Stored data entries:
◆ ◆ ◆ ◆ ◆ ◆ ◆

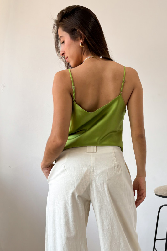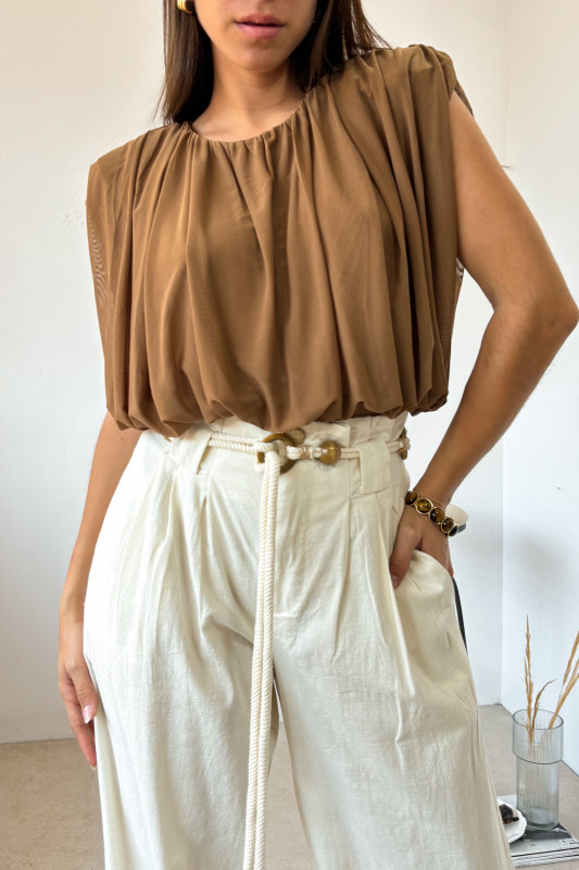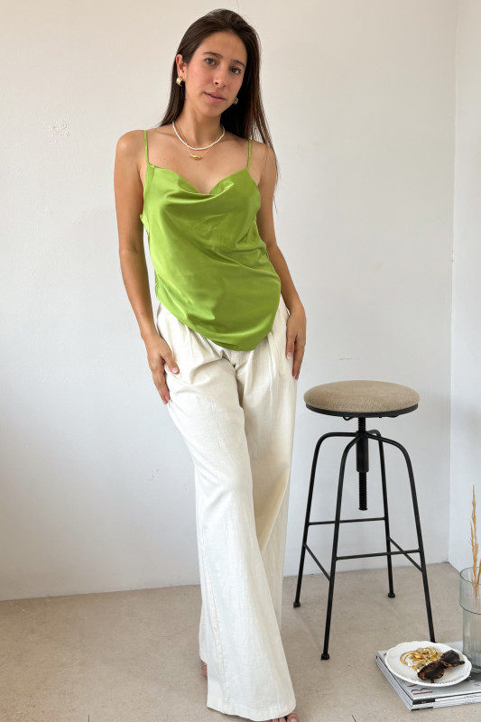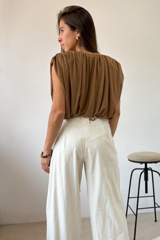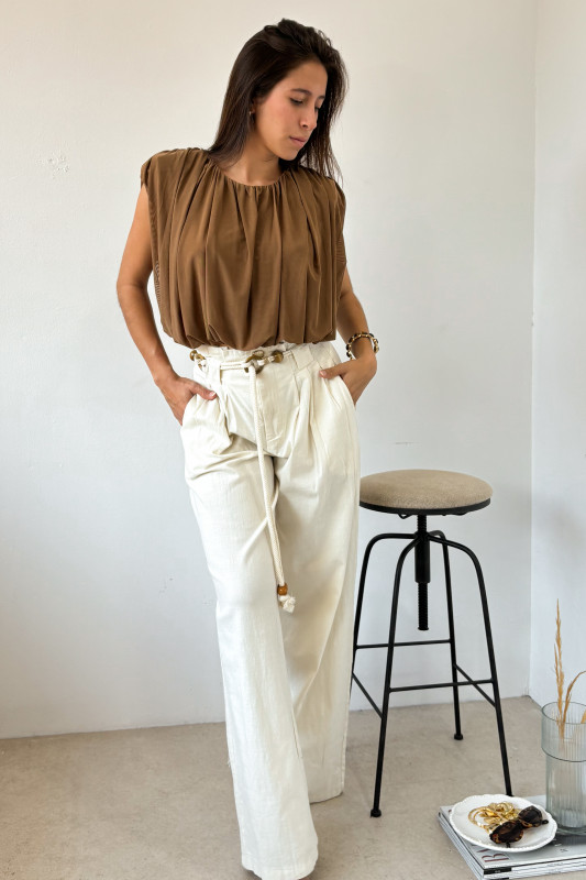 Pantalón corte recto en tejido ligero con precillas anchas, y cintillo de listón con cuentas de madera.
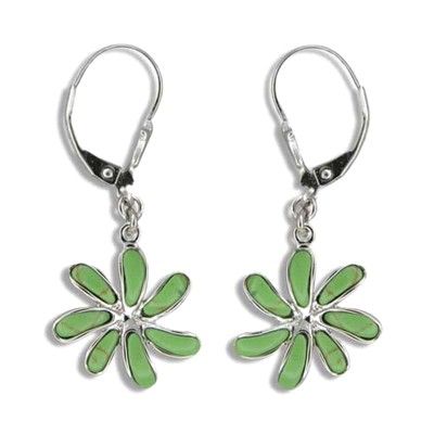 Sterling Silver Hawaiian Green Turquoise Tiare Flower Lever Back Earrings
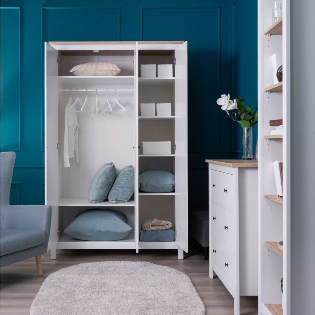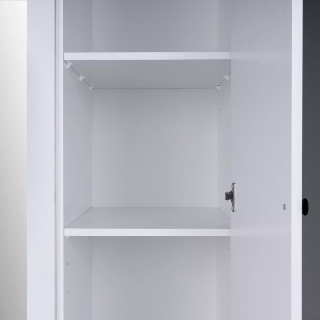 Шкаф САГА оснащен 6 регулируемыми полками, что позволяет гибко организовать пространство внутри шкафа в зависимости от ваших потребностей. Также для удобного размещения одежды на плечиках предусмотрена платяная штанга.
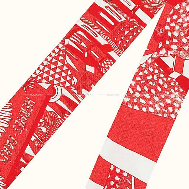 | HERMES エルメス ツイリー スカーフ "アニマポリス" ルージュ/白(ホワイト) シルク100% 新品 |
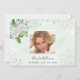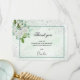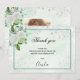 Una elegante tarjeta de agradecimiento con foto. Rodamientos de brotes de color verde acuático como fondo, decorados con polvo falso purpurina plateado, flores blancas y vegetación. Personalice y agregue su nota de agradecimiento. Texto negro.

◆ ◆ ◆ ◆ ◆ ◆ ◆

▶ **Task description**: Leaving every picture aside, reproduce exactly the lines above from the one with "Sterling Silver Hawaiian" up to and including the one with "シルク100% 新品 |", and no others.

▶ **Result**:
 Sterling Silver Hawaiian Green Turquoise Tiare Flower Lever Back Earrings
 Шкаф САГА оснащен 6 регулируемыми полками, что позволяет гибко организовать пространство внутри шкафа в зависимости от ваших потребностей. Также для удобного размещения одежды на плечиках предусмотрена платяная штанга.
 | HERMES エルメス ツイリー スカーフ "アニマポリス" ルージュ/白(ホワイト) シルク100% 新品 |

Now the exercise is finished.